### PROVIDED MATERIAL
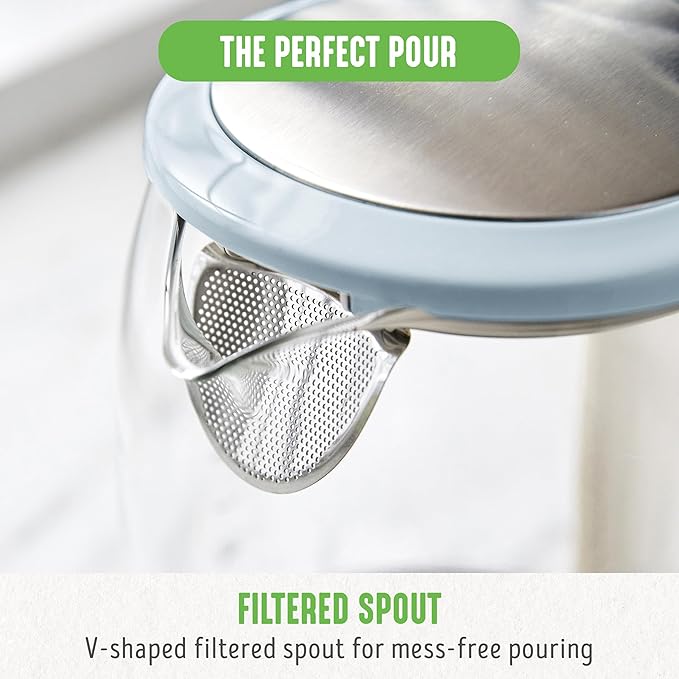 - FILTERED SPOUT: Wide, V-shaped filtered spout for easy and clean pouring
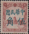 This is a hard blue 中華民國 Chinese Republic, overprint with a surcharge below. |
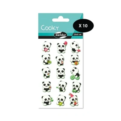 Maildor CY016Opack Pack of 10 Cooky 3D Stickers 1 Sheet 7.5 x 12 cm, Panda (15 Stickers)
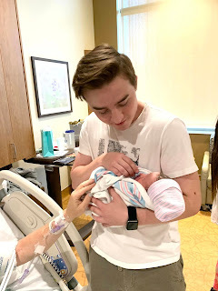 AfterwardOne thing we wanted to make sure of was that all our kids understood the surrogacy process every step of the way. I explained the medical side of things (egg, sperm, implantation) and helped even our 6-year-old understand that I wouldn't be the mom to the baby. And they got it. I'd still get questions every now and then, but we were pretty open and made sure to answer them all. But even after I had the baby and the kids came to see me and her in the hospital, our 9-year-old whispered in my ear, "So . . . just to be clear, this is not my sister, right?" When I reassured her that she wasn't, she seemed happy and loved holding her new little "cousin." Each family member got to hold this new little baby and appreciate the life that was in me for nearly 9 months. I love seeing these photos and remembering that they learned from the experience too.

--

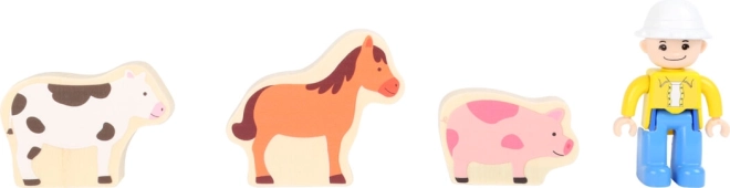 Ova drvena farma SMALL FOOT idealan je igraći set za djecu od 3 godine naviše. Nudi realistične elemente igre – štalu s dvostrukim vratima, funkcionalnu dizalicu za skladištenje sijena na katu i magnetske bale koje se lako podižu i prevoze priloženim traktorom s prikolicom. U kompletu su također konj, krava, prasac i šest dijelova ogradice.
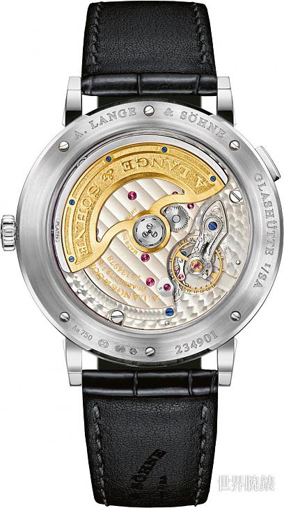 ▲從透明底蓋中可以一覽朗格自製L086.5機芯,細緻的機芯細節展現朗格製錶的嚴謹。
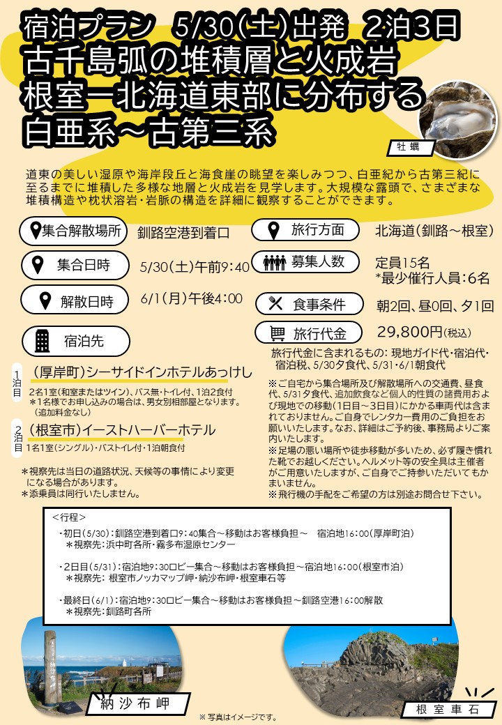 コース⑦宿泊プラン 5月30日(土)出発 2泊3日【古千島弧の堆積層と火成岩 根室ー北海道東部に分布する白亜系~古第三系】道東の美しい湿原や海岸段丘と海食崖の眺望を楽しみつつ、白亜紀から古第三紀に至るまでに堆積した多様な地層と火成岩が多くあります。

* * *

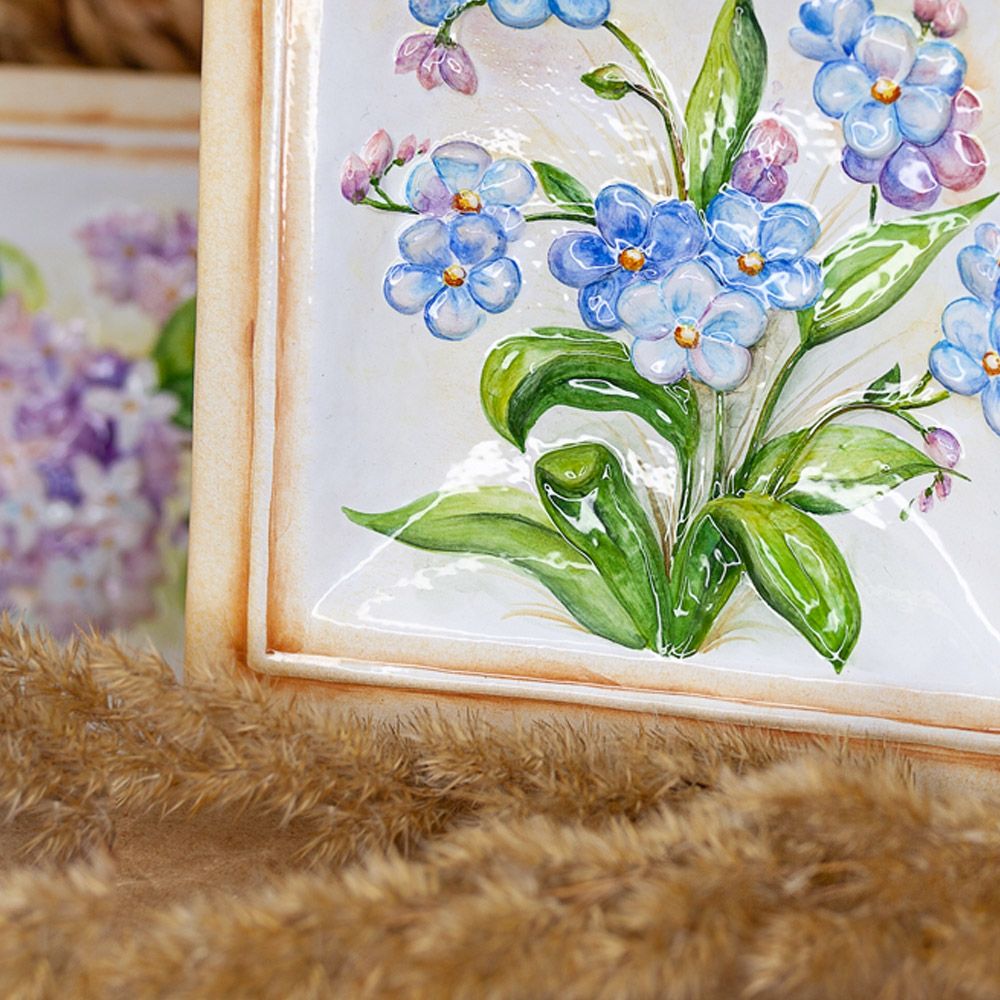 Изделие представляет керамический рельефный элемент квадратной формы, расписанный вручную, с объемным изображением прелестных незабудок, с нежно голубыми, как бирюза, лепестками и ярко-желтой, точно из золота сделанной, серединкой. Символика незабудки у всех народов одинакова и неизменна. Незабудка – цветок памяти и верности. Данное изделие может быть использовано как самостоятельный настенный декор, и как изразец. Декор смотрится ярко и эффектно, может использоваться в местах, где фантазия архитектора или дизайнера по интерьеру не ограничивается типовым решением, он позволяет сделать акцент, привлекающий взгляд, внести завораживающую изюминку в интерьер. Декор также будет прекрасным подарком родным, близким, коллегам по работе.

### PROBLEM REQUIREMENTS
Make an exact copy of the lines above, beginning with the line with "- FILTERED SPOUT: Wide, V-shaped" and ending with the line with "Maildor CY016Opack Pack", and keep the pictures out of it.

### PROBLEM SOLUTION
 - FILTERED SPOUT: Wide, V-shaped filtered spout for easy and clean pouring
 This is a hard blue 中華民國 Chinese Republic, overprint with a surcharge below. |
 Maildor CY016Opack Pack of 10 Cooky 3D Stickers 1 Sheet 7.5 x 12 cm, Panda (15 Stickers)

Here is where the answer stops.